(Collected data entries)
----

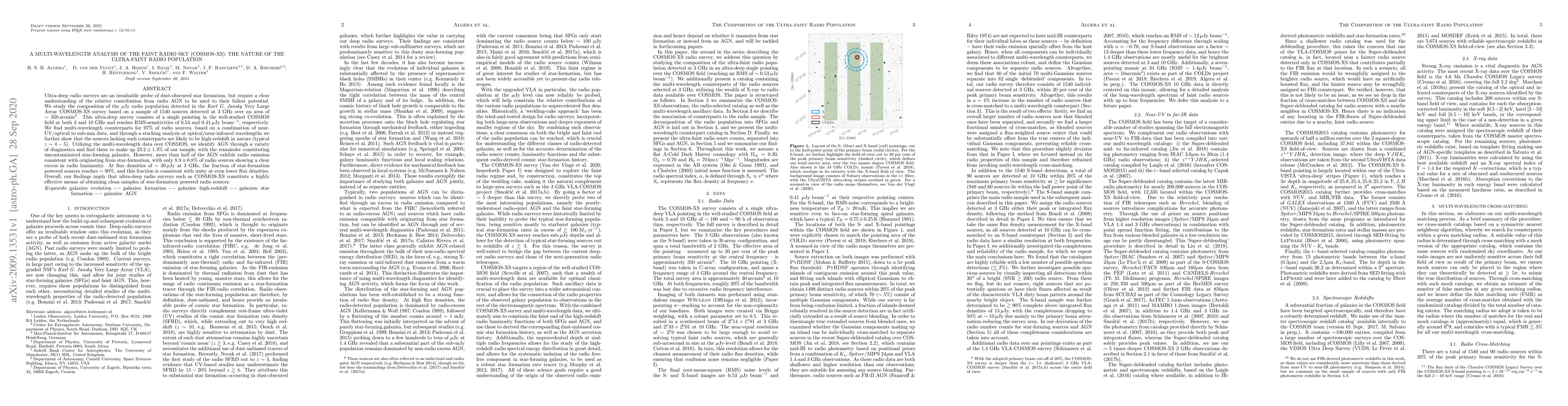 This study uses the COSMOS-XS survey to analyze the ultra-faint radio population, finding that 97% of $\mu$Jy radio sources have multi-wavelength counterparts, with AGN making up 23% of the sample. Most AGN show star-formation-driven radio emissions, indicating that ultra-deep radio surveys are effective for identifying star-forming galaxies.
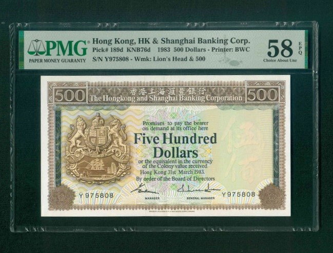 1983 香港上海滙豐銀行 $500 PMG 58 EPQ 編號: Y975808
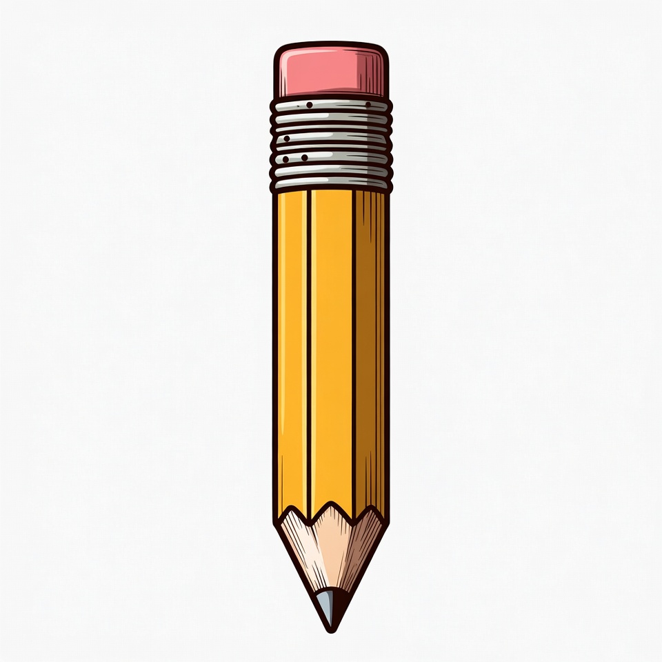 A cartoon-style yellow pencil stands vertically on a white background. It features a pink eraser on top, silver ferrule with bands, and a sharp black graphite tip. The wooden body has detailed hexagonal outlines.
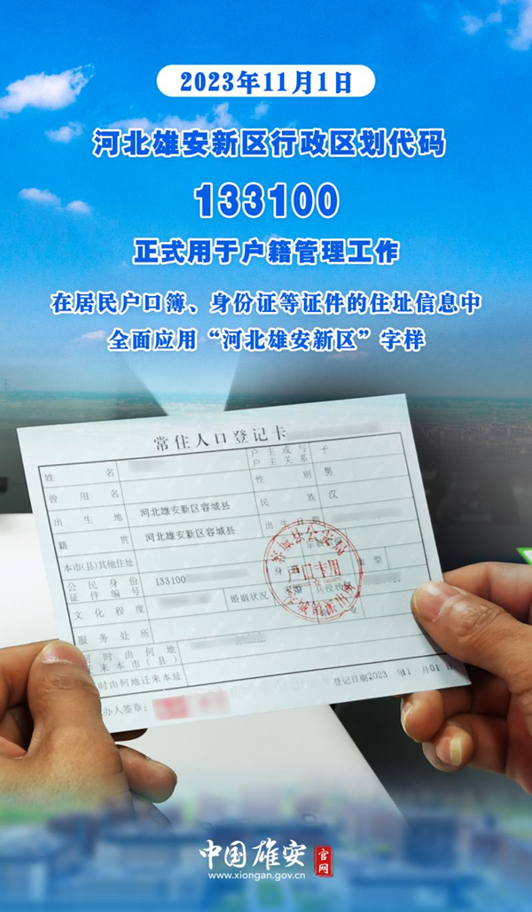 11月1日,河北雄安新区行政区划代码133100正式应用于户籍管理工作,在居民户口簿、身份证等证件的住址信息中,全面应用“河北雄安新区”字样,发放带有“河北雄安新区”字样的身份证及户口簿。不论是第一次拿到身份证的小朋友,还是换领到新身份证的疏解人员,还有刚刚完成新生儿出生登记的父母,大家拿到带有“河北雄安新区”字样的身份证或者户口簿时,脸上都洋溢着幸福的笑容。
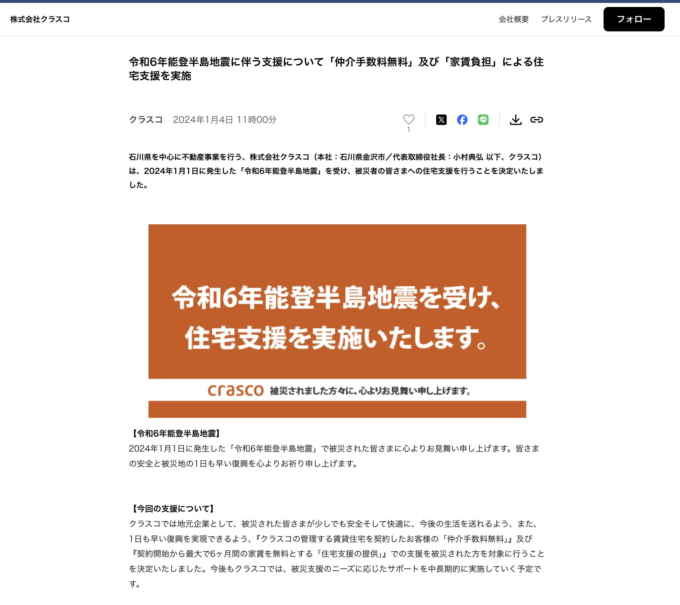 能登半島地震後、住宅確保が喫緊の課題となる中、クラスコは管理物件を最大限に活用し、迅速な入居支援を行いました。これは、地元企業の使命であると考えています。また、家賃アップ戦略は、地域全体の賃貸物件の質を向上させ、持続可能な街づくりに貢献する取り組みでもあります。クラスコが掲げる「GO FUN LIFE(楽しい人生)」を、地域社会全体で体現することを目指しています。

----

Every entry must be retyped exactly, with the pictures removed.

 This study uses the COSMOS-XS survey to analyze the ultra-faint radio population, finding that 97% of $\mu$Jy radio sources have multi-wavelength counterparts, with AGN making up 23% of the sample. Most AGN show star-formation-driven radio emissions, indicating that ultra-deep radio surveys are effective for identifying star-forming galaxies.
 1983 香港上海滙豐銀行 $500 PMG 58 EPQ 編號: Y975808
 A cartoon-style yellow pencil stands vertically on a white background. It features a pink eraser on top, silver ferrule with bands, and a sharp black graphite tip. The wooden body has detailed hexagonal outlines.
 11月1日,河北雄安新区行政区划代码133100正式应用于户籍管理工作,在居民户口簿、身份证等证件的住址信息中,全面应用“河北雄安新区”字样,发放带有“河北雄安新区”字样的身份证及户口簿。不论是第一次拿到身份证的小朋友,还是换领到新身份证的疏解人员,还有刚刚完成新生儿出生登记的父母,大家拿到带有“河北雄安新区”字样的身份证或者户口簿时,脸上都洋溢着幸福的笑容。
 能登半島地震後、住宅確保が喫緊の課題となる中、クラスコは管理物件を最大限に活用し、迅速な入居支援を行いました。これは、地元企業の使命であると考えています。また、家賃アップ戦略は、地域全体の賃貸物件の質を向上させ、持続可能な街づくりに貢献する取り組みでもあります。クラスコが掲げる「GO FUN LIFE(楽しい人生)」を、地域社会全体で体現することを目指しています。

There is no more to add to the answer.